Summary of the objectives
In many ways the information technologies of big data analysis brings dramatic change in the cost reduction or in the new products and the service offerings in the context. Same as the traditional analytics, it can support the decisions that are in the business decisions (Ali, et al. 2022). By using big data analysis it is possible to achieve a variety of objectives in the process but it is necessary to focus on the report goal in the first place. In the era the big data analysis created many substantial opportunities that are of customer demands for developing the aligned the products. The firms can develop the products that are directly connected to the consumers, it provides an increase in the consumer value and it decreases the risks that are associated when a new product is launched. The firms can also be identified through the data mining process. The primary seeking of the cost reduction in big data analysis makes it conscious of how the computer system is crunching the data.
Figure 1: Sample database connector
(Source: Self-Created)
The terabyte storage for the structured data are of cheap cost that are mostly delivered through the big data analysis technologies such as the Hadoop framework that are specially built for implementing the large amount of the data in the process. Including the hardware as well as the software and other types of expenses (Azeroual, and Fabre 2021). This process is less than the other types of data management systems. These comparisons are not fair for the process to implement a Hadoop cluster and all the related tools. The big data analysis makes the idea possible to gain the complete answers because the user has more information. With more completed answers there is a chance to have more confidence in the data sets that simplifies into solving the problems and tackling it better.
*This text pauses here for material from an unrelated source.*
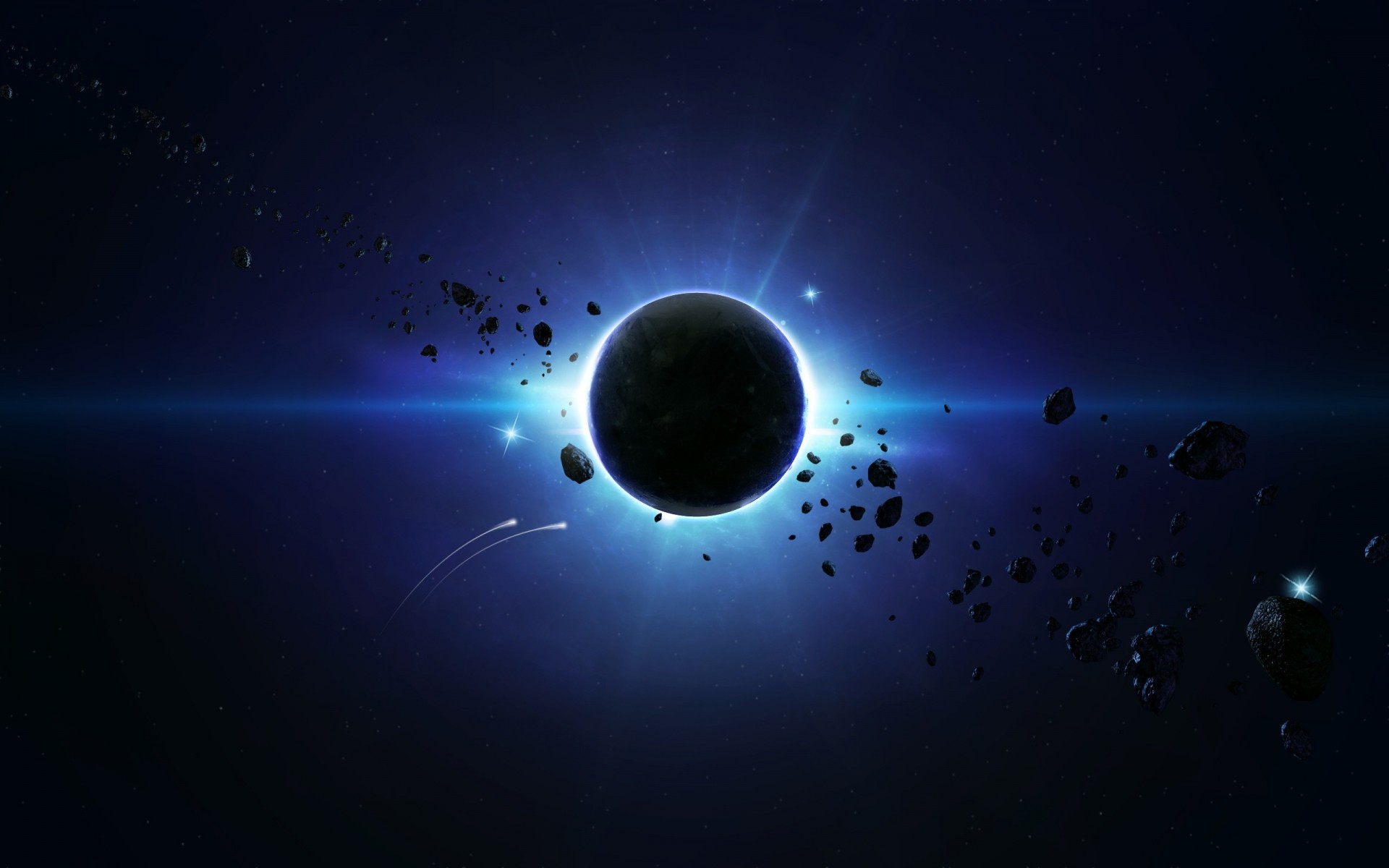 L'uomo guarda in piedi sul ghiaccio e guarda l'enorme pianeta

Big data tends to open new opportunities and new business models in the process. There are three key sections in the works of big data analysis that are integrated, managed and analyzed. In the integrate part the big data from different sources and the applications. The traditional integration in the data as well as the mechanisms that extract, load and to transform are not generally up to the tasks. It required new types of strategies and also technologies for analyzing the data sets at the terabyte even in the pet byte scales (Babar, et al. 2019). In the management section the big data analysis requires the storage; the data can be stored in any form and bring the important requirements and the necessary engine process. The analyze part signifies the investment in big data analysis; it pays off when the data analyzes and acts accordingly. It builds the data models that are in machine learning and in artificial intelligence and puts the data sets to work.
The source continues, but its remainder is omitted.